Front. Public Health, 26 January 2023
Sec. Children and Health
This article is part of the Research Topic Refractive Errors: Public Health Challenges and Interventions View all 29 articles

Effect of atropine 0.01% on myopia control in children aged 6–13 years during the 2022 lockdown in Shanghai

\nManrong Yu,,,&#x;Manrong Yu1,2,3,4Lingli Jiang&#x;Lingli Jiang5Minjie Chen,,,
Minjie Chen1,2,3,4*
  • 1Department of Ophthalmology, Eye and Ear, Nose, and Throat Hospital of Fudan University, Shanghai, China
  • 2Key Laboratory of Visual Impairment and Restoration of Shanghai, Fudan University, Shanghai, China
  • 3NHC Key Laboratory of Myopia, Fudan University, Shanghai, China
  • 4Key Laboratory of Myopia, Chinese Academy of Medical Science, Shanghai, China
  • 5Department of Ophthalmology, The Affiliated Wenling Hospital of Wenzhou Medical University, Wenling, China

Purpose: To compare the myopic progression in children treated with 0. 01% atropine and those who discontinued atropine during the 2022-home quarantine in Shanghai.

Methods: In this retrospective study, children aged 6–13 years with follow-up visits before (between January 2022 and February 2022) and after the lockdown (between July 2022 and August 2022) were included. Cycloplegic refraction and axial length (AL) were measured at both visits. The atropine group had continuous medication during the lockdown while the control group discontinued. The 0.01% atropine eyedrops were administered daily before bedtime. The types of spectacle lens were recorded: single vision (SV) spectacles or defocus incorporated multiple segments lenses (DIMS).

Results: In total, 41 children (81 eyes) in the atropine group and 32 children (64 eyes) in the control group were enrolled. No significant difference was found in the demographic characteristics, spherical diopter, spherical equivalent (SE), AL, and follow-up time between the two groups before the lockdown in 2022 (all p > 0.1). After the home confinement, a greater myopia progression was observed in the control group (−0.46 ± 0.42 D) compared to atropine group (−0.26 ± 0.37 D; p = 0.0023). Axial elongation was also longer in the control group than that in children sustained with atropine (0.21 ± 0.17 vs. 0.13 ± 0.15 mm, p = 0.0035). Moreover, there was no significant change of spherical diopter and SE during lockdown in the atropine + DIMS combined subgroup (0.03 ± 0.033 D for spherical diopter, p = 0.7261 and 0.08 ± 0.27 D for SE, p = 0.2042, respectively). However, significant myopic shift was observed in the atropine + SV subgroup during the quarantine time (−0.31 ± 0.39 D for SE and 0.15 ± 0.16 mm for AL, both p < 0.001).

Conclusion: Children treated with 0.01% atropine had slower myopia progression during the lockdown period in Shanghai compared with children discontinued.
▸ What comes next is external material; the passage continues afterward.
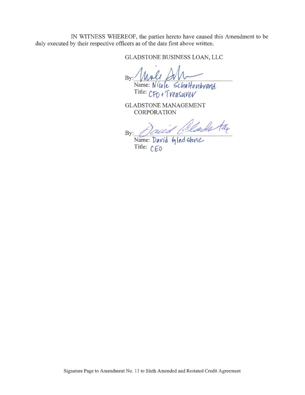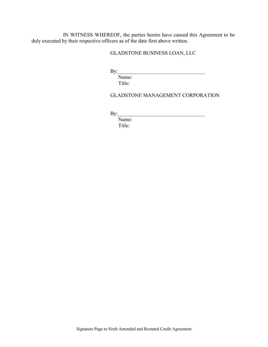 IN WITNESS WHEREOF, the parties hereto have caused this Agreement to be duly executed by their respective officers as of the date first above written. GLADSTONE BUSINESS LOAN, LLC By:_________________________________ Name: Title: GLADSTONE MANAGEMENT CORPORATION By:_________________________________ Name: Title: Signature Page to Sixth Amended and Restated Credit Agreement

Moreover, the effect of atropine on myopic prevention can be strengthened with DIMS lenses.

Introduction

The widespread prevalence of myopia makes it a major public health concern. By 2050, close to 50% of the world's population are expected to have myopia and with as much as 10% highly myopic (1). Meanwhile, the increasingly high prevalence of myopia and high myopia have been already witnessed in the past few decades (2). Moreover, early-onset myopia among preschoolers has become more prevalent in recent years in China (3), indicating longer duration of myopia progression and more likely to have high myopia in the future (4, 5). Consequently, the Chinese Ministry of Education issued the Comprehensive Plan to Prevent Nearsightedness among Children and Teenagers (CPPNCT) in aim to reduce the incidence of myopia and control myopic progression in China in 2018 (6). Though numerous items are included in the CPPNCT, increasing time outdoors and reducing near-work time are the key content (6). For example, mandatory outdoor time has already been implemented as part of myopia prevention programs in cities of mainland China.
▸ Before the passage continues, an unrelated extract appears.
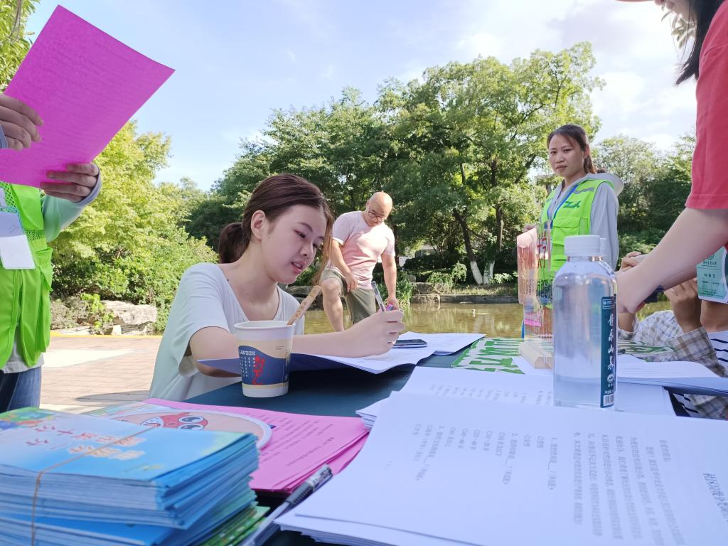 在实践过程中,团队组织专题参观调研,解锁垃圾分类处置新“姿势”。团队集中参观了江阴市垃圾发电厂、餐厨垃圾处理厂、建筑装修垃圾回收综合利用厂三个不同的垃圾处理厂,实地观摩了解了垃圾收集、暂存、转运和处置等基本流程。团队成员还分别与政府有关部门以及光大能源集团企业开展了多次座谈,全面了解城市垃圾处理流程。团队持续强化宣传服务,倡导绿色环保生活新“方式”。在与当地志愿者们共同组织系列宣传活动时,团队成员为孩子们带去了关于环保和垃圾分类知识的趣味亲子活动。团队还在试点小区进行定点宣传,并对小区居民进行了走访,来到居民家中,进行面对面的垃圾分类知识宣传,活动累计发放宣传资料500多份。团队努力加强推广应用,打造社区试点工作新“功能”。团队协助社区工作人员提供面对面入户教学、手把手解难纾困,引导居民尽快适应“三定一督”垃圾分类新模式,助力社区厨余垃圾实现精准分类和破袋投放,逐步形成了可复制、可实施的生活垃圾分类试点工作经验,为本次团队社会实践活动赋予了现实意义。

However, the pandemic of coronavirus disease (COVID-19) in December 2019 has caused huge behavioral changes. Home confinement was imposed and children were forced to study via online platforms. As a result, significant progression in myopia has been evidenced in numerous reports during the lockdown (711). Considerable evidences are provided to support the association between the progression of myopia and an increase in near work or a reduction of outdoor activities during the COVID-19 home confinement (7, 8, 10). To make matters worse, in late February, 2022, another wave of COVID-19 infection rapidly appeared in Shanghai, China (12). Strict home confinement was applied again and the “home education” was implemented once more until the end of June.
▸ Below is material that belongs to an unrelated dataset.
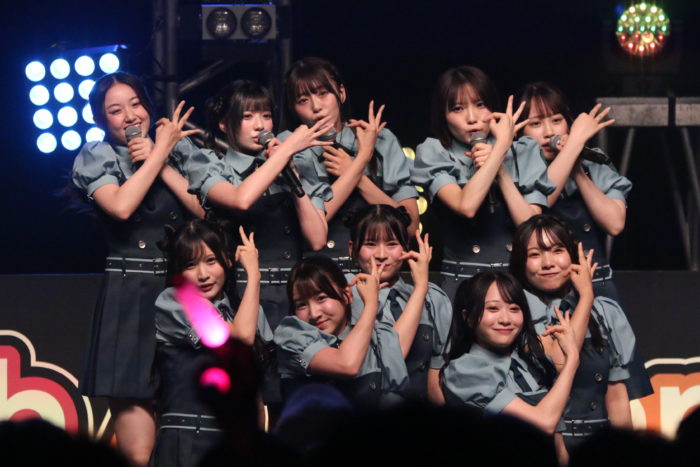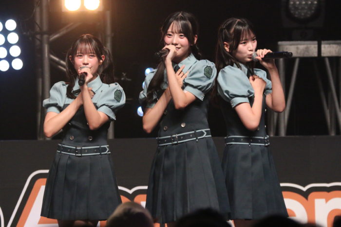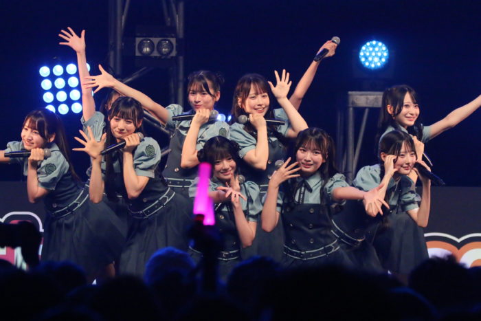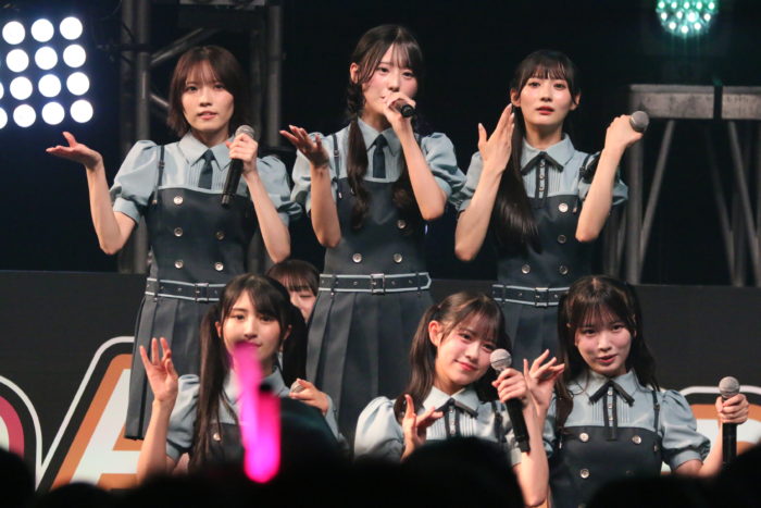 15名でのパフォーマンスは圧巻。トップバッターとして披露されたのは、遠藤莉乃&水野乃愛のWセンターの「恋愛変格活用」。イントロが流れた瞬間、観客のテンションが最高潮に達した。恋愛の”文法”をテーマにしたユニークな歌詞と、遠藤莉乃&水野乃愛のWセンターがキラリと光る構成で、観客の心を一気につかむ。

Nowadays, low-concentration atropine eye drops is recommended and widely used to slow myopic progression (1316). Though 0.05% atropine has been proved to be the optimal concentration for myopia control (15, 16), it is not commercially available in our country compared with 0.01% atropine which is clinically easy to prescribe in Shanghai. Only two clinical-based studies have observed that myopia could still progress during COVID-19 quarantine even in children treated with 0.01% atropine (17, 18). But neither study had a control group, indicating the same group of the children were analyzed and compared only in a temporal relation (17, 18). Thus it remains unknown if beneficial effect of 0.01% atropine could be achieved in comparison to the cessation of atropine treatment during the lockdown.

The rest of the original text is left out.